Compliance oﬃcers must help their institutions navigate the complex requirements of these loans,
and take steps to ensure they are protected from liability further down the road. Emergency funds
and other federal initiatives are already being scrutinized by federal prosecutors for fraud,
Justice Department oﬃcials have said. The scrutiny applies to applicants and lenders.
“Whenever there is lending like this, there is always a high likelihood or high possibility of bank
fraud and other types of fraud,” then-Assistant Attorney General Brian Benczkowski
said in May. Mr. Benczkowski left the agency in July.
The public, too, has scrutinized recipients—an outcry over PPP loans arose after disbursements
appeared to favor larger businesses, causing some companies to return the funds. And while the
priority is currently getting money out the door as soon as possible, there is the risk that later
on—when the amount of fraud that occurred becomes clearer—politicians, law-enforcement oﬃcials and
the public will see banks’ eﬀorts to quickly disburse loans in a diﬀerent light.
Documenting decision-making is key, says Jeﬀrey Naimon, a partner at law ﬁrm Buckley LLP. “You try
to make sure the decision was reasonable and appropriate to begin with,” he says. “You record the
steps you went through, so that even if someone second-guesses you later, you can say, ‘Well, we
met with the right constituencies.…We were trying to do the right thing.’ ”
The Small Business Administration, which administers the PPP program, has said banks must only
conduct a good-faith review of loan applications. But many are doing more, including by asking for
tax forms and other documentation that could help them spot fraud.
The Return To The Oﬃce
Depending on the nature of a company’s business, the health and safety of employees may be a daily
concern for compliance oﬃcers. Many companies who sent employees to work from home in the spring
are also plotting how to safely bring employees back to the workplace. Compliance oﬃcers should be
part of those discussions, says Allen Chiu, a chief compliance oﬃcer at Genesys Telecommunications Laboratories Inc., a call-center-software company.
“Compliance oﬃcers have to have a role because there are regulatory challenges, both on the labor
and employment front of a rapidly changing work from home structure,” he says. The key is being
adaptable, reacting quickly as the situation changes and collaborating with leaders across the
company, Mr. Chiu says.
Privacy- and employment-law concerns are likely to arise as companies take steps—such as imposing
daily temperature checks, contact tracing and in-oﬃce social distancing—to ensure an outbreak of
the virus doesn’t occur.
Employees may be asked to disclose medical and other personal information about themselves and
their family members. Companies will need to balance the obligation to provide a safe workplace
with privacy and other regulatory issues.
“It ends up being an all-hands-on-deck eﬀort because there is just a lot to deal with in the Covid
environment,” says Michael Leiter, a partner at the law ﬁrm Skadden Arps Slate Meagher & Flom LLP.
Compliance chiefs’ involvement on issues like health and safety, which may not normally fall under
their purview, underscores one of the upsides of the pandemic from their point of view—a chance to
prove their value to the larger organization.
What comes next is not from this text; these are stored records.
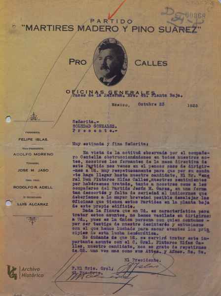 En 1993, la Universidad de Guanajuato recibe de la familia Tinajero Ayala parte del archivo personal del general Plutarco Elías Calles y de Soledad González, quien fuera secretaria particular de éste último y ascendente de los donantes así como una pequeña colección de bibliografía relativa a la época que con el paso del tiempo, el propio AHUG ha ido acrecentando. El conjunto documental tiene una cronología que abarca de 1911 a 1953, en el que podemos encontrar una gran cantidad de correspondencia del entonces presidente Plutarco Elías Calles, así como documentos varios que dan cuenta de su vida política, militar, social y familiar. Forma parte del mismo fondo una importante colección de fotografías de la época, en la que se puede apreciar las actividades de campañas políticas o militares, así como también el ámbito privado y familiar de ambos personajes.
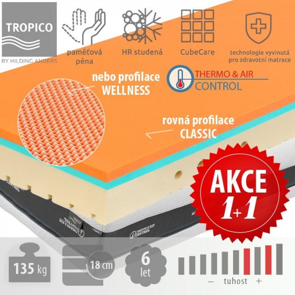 Tropico pěnové 135 kg tuhost 3 středně tvrdá paměťová pěna
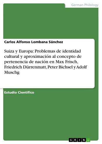 Estudio Científico del año 2010 en eltema Filología alemana - Literatura comparada, Nota: 1, Universidad Complutense de Madrid, Idioma: Español, Resumen: ¿Qué motivos pueden esgrimirse para explicar que Suiza, uno de los países más 'europeos' del continente, no forme parte de la Unión Europea? De la mano de cuatro autores fundamentales de la literatura suiza en lengua alemana, Max Frisch, Friedrich Dürrenmatt, Peter Bichsel y Adolf Muschg, el artículo recorre los problemas de identidad cultural y lleva a cabo una aproximación al concepto de pertenencia de nación que estos autores reflejan en sus obras. Compatibilidades e incompatibilidades políticas o culturales entre Suiza y Europa parecen estar lejos de ser el principal problema de su conflicto. El presente estudio presenta de forma sistemática y científicamente opiniones representativas de cuatro representantes 'clásicos' enfrentándolos entre sí acerca del tema común: ¿Suiza y/o Europa?
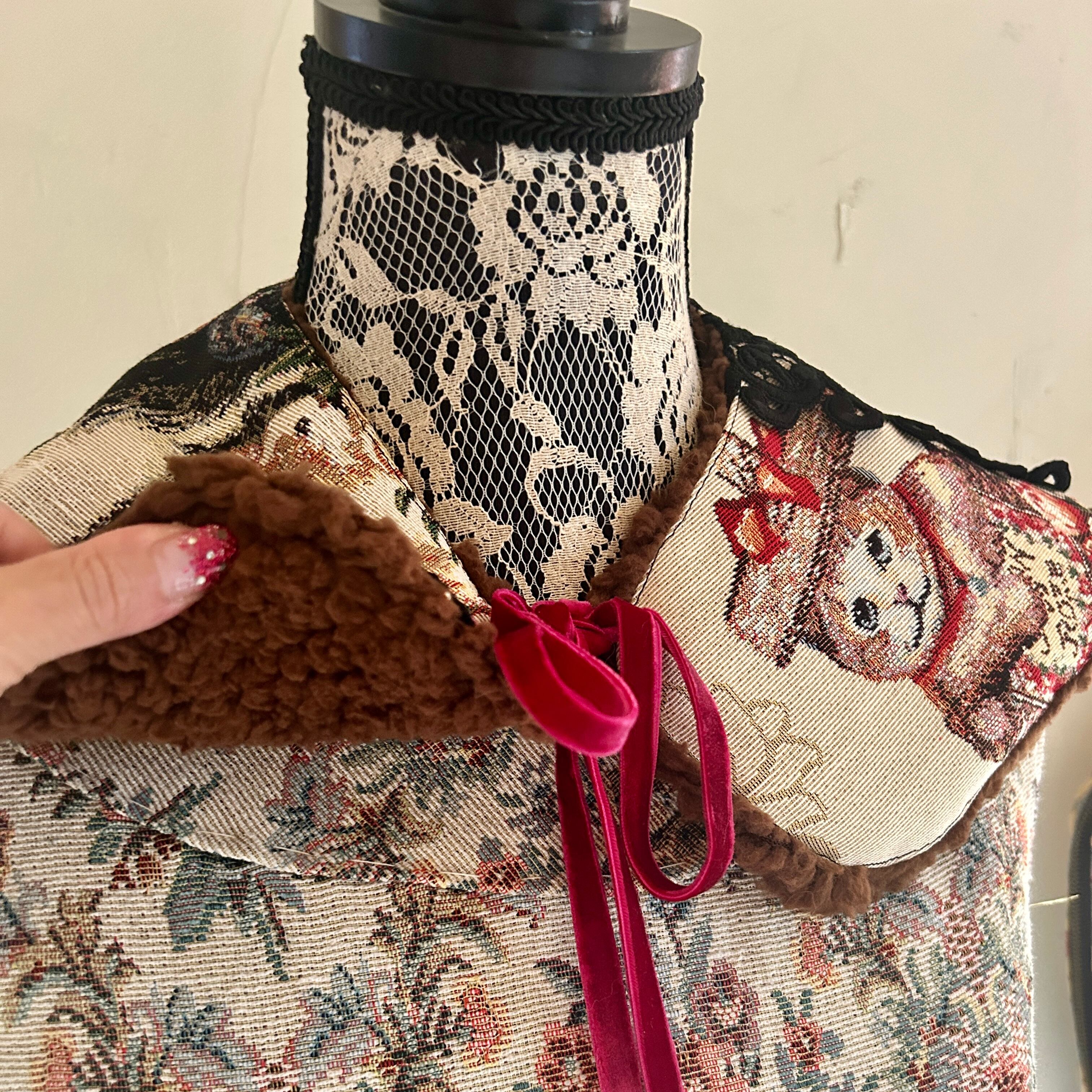 売約: もふもふつけ襟 アンティーク気分 おしゃれ ゴブラン織
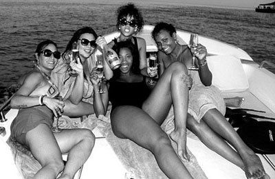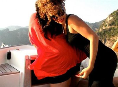 На снимках Рианна позирует на борту яхты в откровенных позах и "заигрывает" с подружками.

“It’s really an opportunity for the compliance role, as part of a larger leadership team, to rely
on some soft skills—to deploy empathy, and to really engage with employees world- wide,” says Mr.
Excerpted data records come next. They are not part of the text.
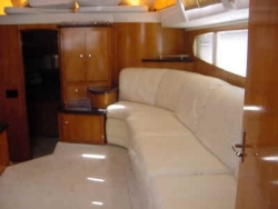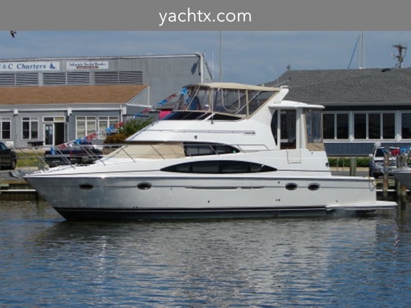 The Carver 444 Cockpit Motor Yacht combines the superb luxury and spaciousness of an aft cabin with exceptional contemporary styling and thoughtful design. Carver's signature raised walkdeck design also allows for a wider, much roomier cabin than other yachts this size. Combined with the way Carver united the salon and galley into one spacious and elegant "great room", this adds up to outstanding cruising comfort. The expansive great room features all sorts of amenities, from the sumptuous designer decor and UltraLeather sofa, to the beautiful yet practical solid-surface countertops. When it comes to sleeping accommodations, owners will welcome the unexpected luxury of two private staterooms, each with its own private head compartment.
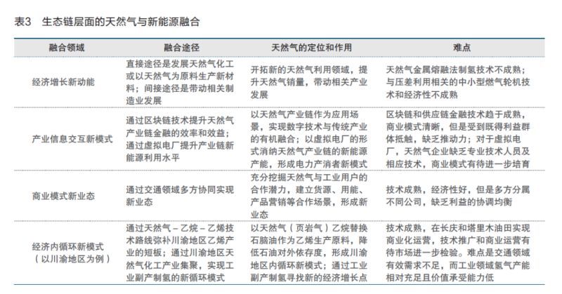 天然氣與新能源的生態(tài)鏈層面融合,是指天然氣突破現有的商業(yè)生態(tài)和盈利模式,發(fā)掘新的潛力,提供新的產品和服務,在促進碳中和方面發(fā)揮新的作用,主要體現在經濟增長新動能、產業(yè)信息交互新模式、商業(yè)模式新業(yè)態(tài)、經濟內循環(huán)新模式幾個方面(見表3)。
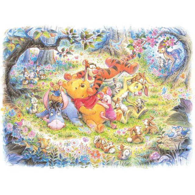 森の動物と遊んで(もらって?)いるプーさんたち。やさしいタッチが魅力的!
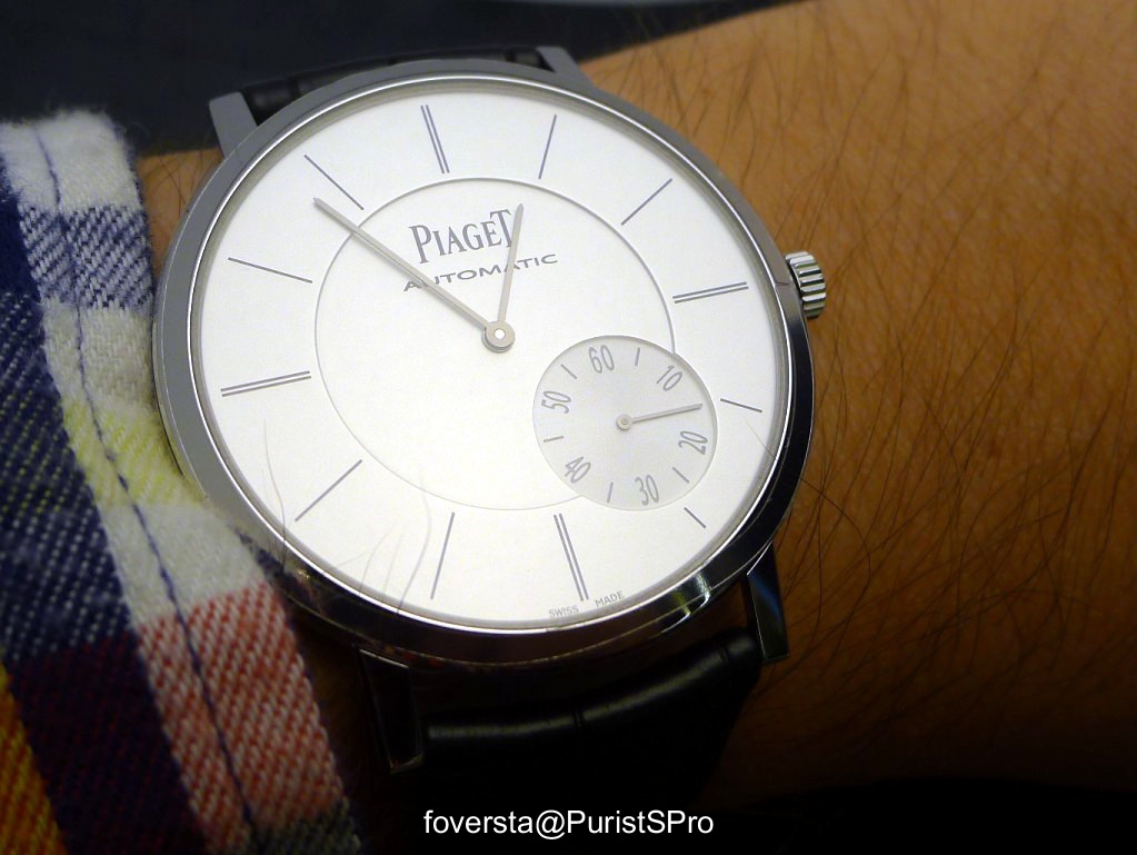 As I said before, the size is still ok on the wrist: the watch is clearly wearable. But from an aesthetical point of view, a more contained case would have been better even if I understand the idea behind. Thanks to this addition, Piaget proposes different sizes for its Altiplano: 38,40,43mm... and anybody may find his most suitable size.
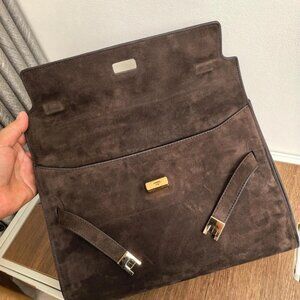 Auth Tory Burch Large Lee Radziwill Suede Shoulder Bag Dark Cocoa
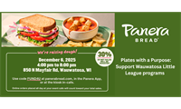 Dine at Panera Bread - 850 N. Mayfair Rd. - on Saturday, December 6th and help support Wauwatosa Little League Programs.
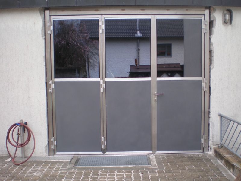 Flügeltor in der Garagenrückwand Edelstahltor mit Durchgangstüre für die Durchfahrt aus der Garage in den Innenhof.

Chiu. “Whether it’s things about diversity and inclusion, the work-from- home challenges, or
physical safety—[we need to] put all of those things together and look for smarter ways to tackle those challenges.”
From: The WSJ
Compliance chiefs and HR directors must also help businesses navigate the risks and complex
requirements of relief programs and the mechanics of an eventual return to the office—allwhile continuing to meet the ever-shifting expectations of regulators and law-enforcement agencies.
Investigations, risk assessments and employee training have become, for the most part, fully remote, and many companies are looking to technology to make their compliance programs more durable and efficient in the long term.
The goal now, they say, is continuing to maintain a presence within the organization from afar—at a time when a return to normalcy is difficult to predict.